The magazine said the owner paid 1 million yen ($8,900) to Hiroji Namura, one of her secretaries, in July 2015 requesting that tax authorities be lobbied for special treatment on the company's behalf.

But Katayama's office told the Shukan Bunshun that Namura had quit in May that year and the lawmaker introduced him to the owner as a tax accountant friend.

Katayama, a 59-year-old former elite Finance Ministry bureaucrat, obtained her first ministerial post in the Cabinet reshuffle last month. She doubles as minister in charge of women's empowerment.

The magazine, renowned for its reporting on political scandals, quoted the owner of the company as saying that Katayama called a regional taxation bureau chief during a September 2015 meeting, but her call went unanswered. The owner said Katayama claimed the bureau chief was her junior when she worked at the Finance Ministry.

Although Katayama's request to give the company owner special treatment did not bear fruit, Namura told the owner that the money had passed into the lawmaker's hands, according to the report. Her office denies she received the money.

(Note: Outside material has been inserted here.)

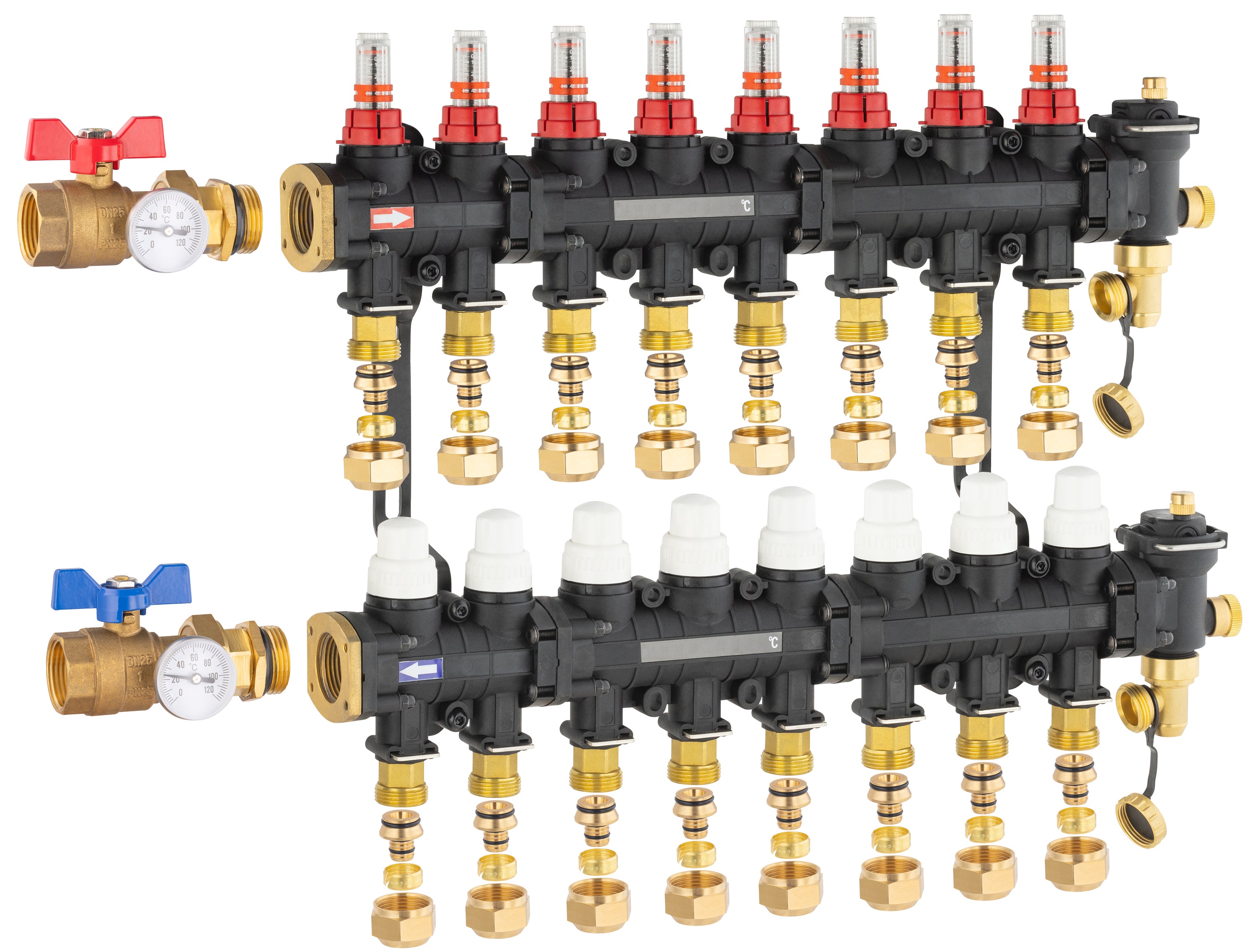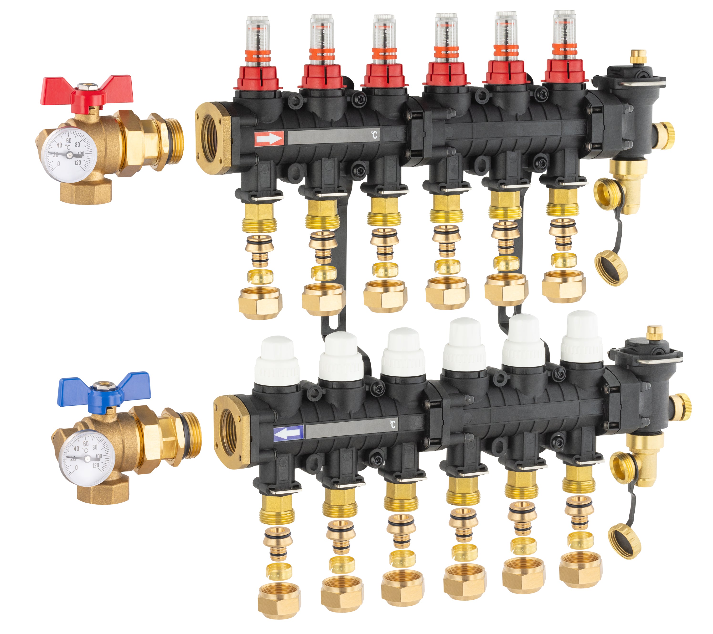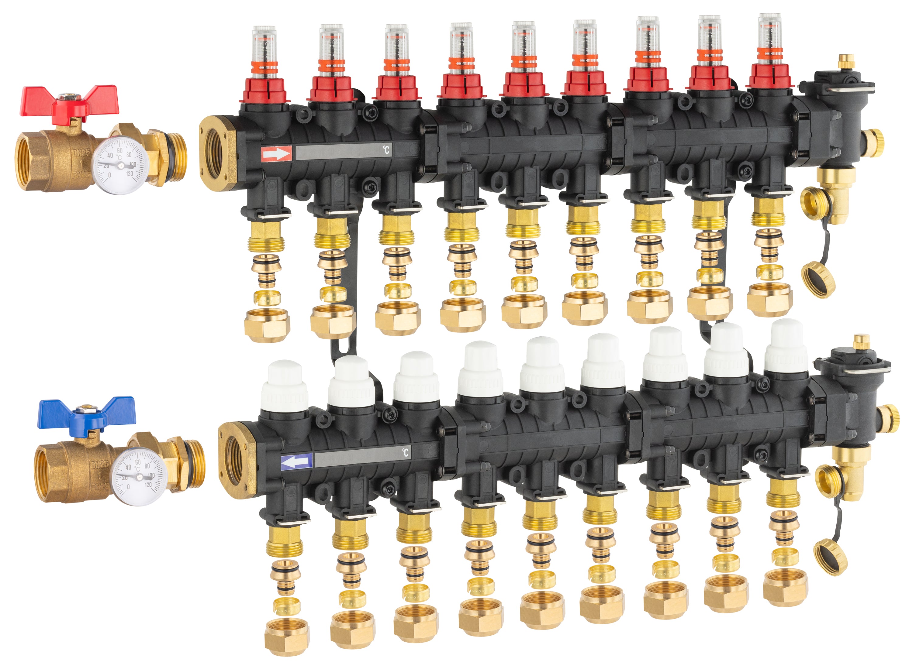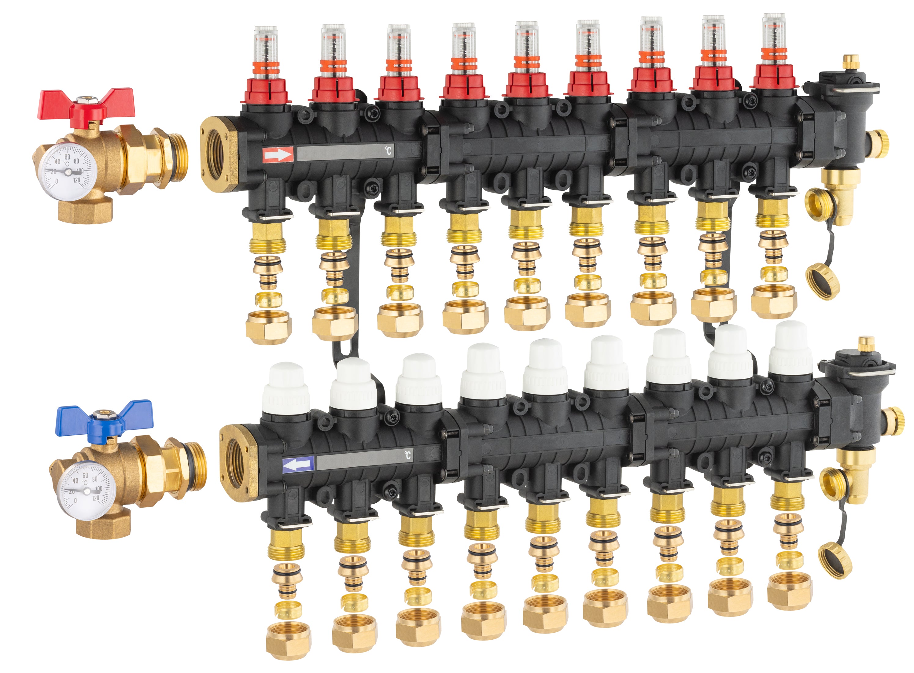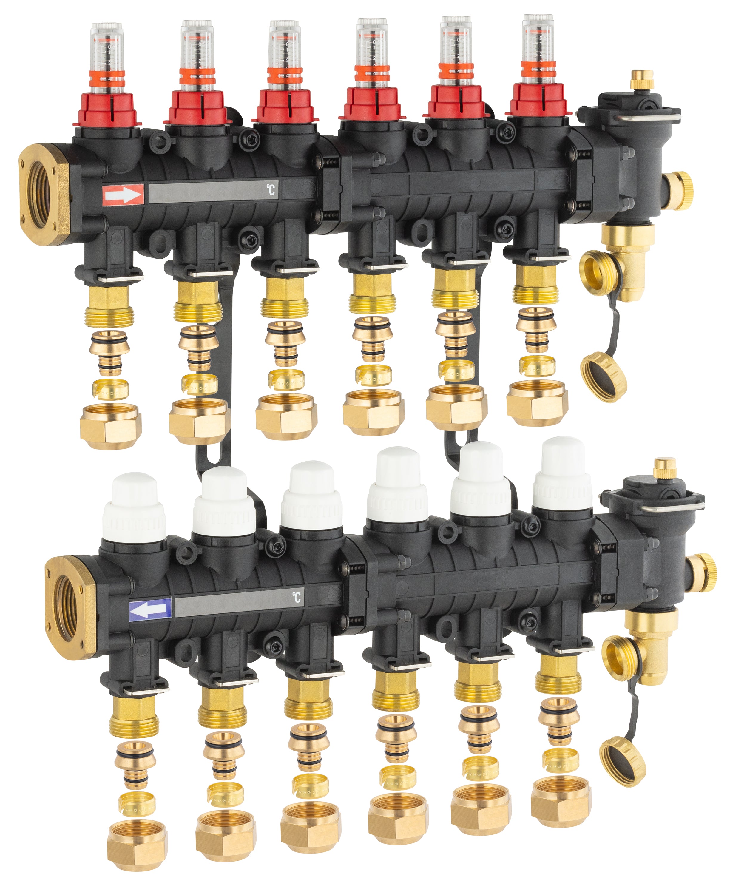 Chaque départ du collecteur est équipé d'un débitmètre, permettant ainsi l'équilibrage des boucles par une simple rotation des débitmètres. Des bagues de marquage du débit sont également incluses pour faciliter le réglage et la gestion du débit sur chaque boucle

Katayama first entered politics as a House of Representatives member in 2005, but lost her seat in the 2009 lower house election. She turned to the House of Councillors in 2010 and was re-elected in 2016.

Earlier in the day, Chief Cabinet Secretary Yoshihide Suga told a press conference he believes Katayama will "fulfill her responsibilities as a politician and give a thorough explanation about her political activity."

Natsuo Yamaguchi, who heads the Komeito party, the junior coalition partner of Abe's Liberal Democratic Party, echoed the view, telling reporters that Katayama should be held accountable to the public.